§ **Exercise instructions**: The listing below should be printed exactly, every line of it. Skip the pictures.

§ **Given data**:
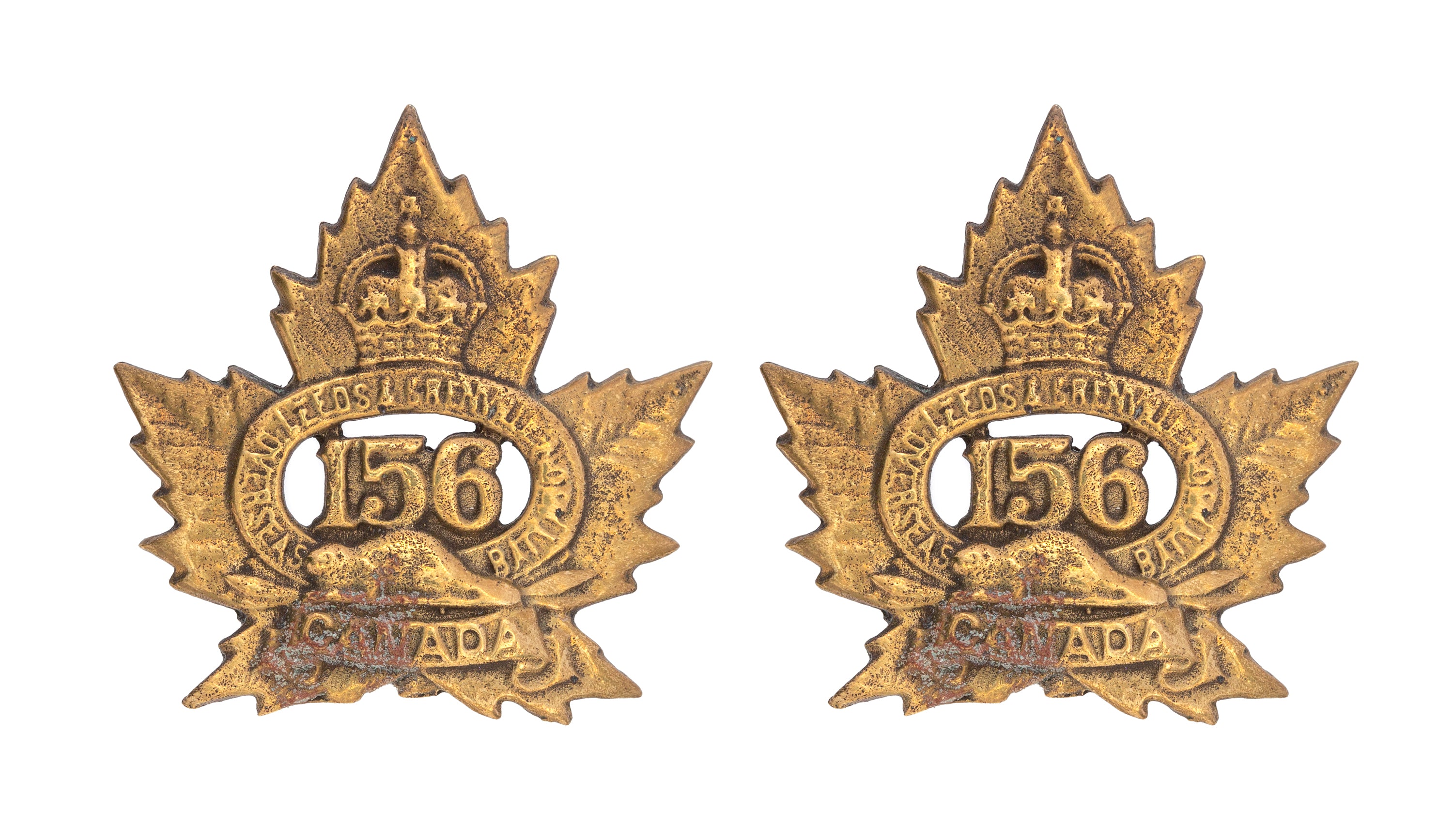 156th Canadian Leeds & Grenville Battalion Collar Badges Brass Metal
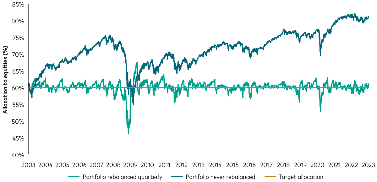 For example, a portfolio with an asset allocation of 60% global equities and 40% global bonds at the end of 2003, if never rebalanced, would have had 80% in equities at the end of 2022, as shown in the chart below. In contrast, an identical portfolio that was rebalanced at the end of each quarter would have maintained the target allocation and the desired risk profile over time.
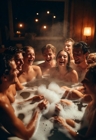 “มาช่วยถูหน่อยสิ” แพรหันไปยิ้มให้ “ไทน์” หนุ่มหล่อประจำแก๊ง ไทน์ไม่รอช้า เดินเข้าไปโอบเอวแพรจากด้านหลัง มือลื่นไปกับฟองสบู่ เริ่มจากไหล่ → หลัง → เอว → ลงต่ำลงไปเรื่อย ๆ แพรแค่หลับตาพริ้ม ยกแขนโอบคอไทน์ไว้
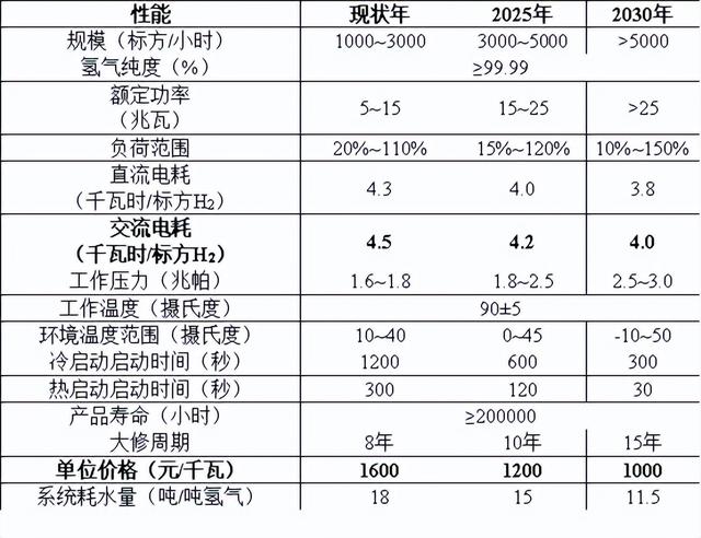 堿性電解槽主要成本構(gòu)成為電解電堆組件(45%)和系統(tǒng)輔機(55%);電解槽成本中55%是膜片及膜組件。依據(jù)行業(yè)內(nèi)多家主流廠商的數(shù)據(jù)分析,堿性電解槽的2025年及2030年的主要技術(shù)參數(shù)和投資水平如下:

§ **Task response**:
 156th Canadian Leeds & Grenville Battalion Collar Badges Brass Metal
 For example, a portfolio with an asset allocation of 60% global equities and 40% global bonds at the end of 2003, if never rebalanced, would have had 80% in equities at the end of 2022, as shown in the chart below. In contrast, an identical portfolio that was rebalanced at the end of each quarter would have maintained the target allocation and the desired risk profile over time.
 “มาช่วยถูหน่อยสิ” แพรหันไปยิ้มให้ “ไทน์” หนุ่มหล่อประจำแก๊ง ไทน์ไม่รอช้า เดินเข้าไปโอบเอวแพรจากด้านหลัง มือลื่นไปกับฟองสบู่ เริ่มจากไหล่ → หลัง → เอว → ลงต่ำลงไปเรื่อย ๆ แพรแค่หลับตาพริ้ม ยกแขนโอบคอไทน์ไว้
 堿性電解槽主要成本構(gòu)成為電解電堆組件(45%)和系統(tǒng)輔機(55%);電解槽成本中55%是膜片及膜組件。依據(jù)行業(yè)內(nèi)多家主流廠商的數(shù)據(jù)分析,堿性電解槽的2025年及2030年的主要技術(shù)參數(shù)和投資水平如下:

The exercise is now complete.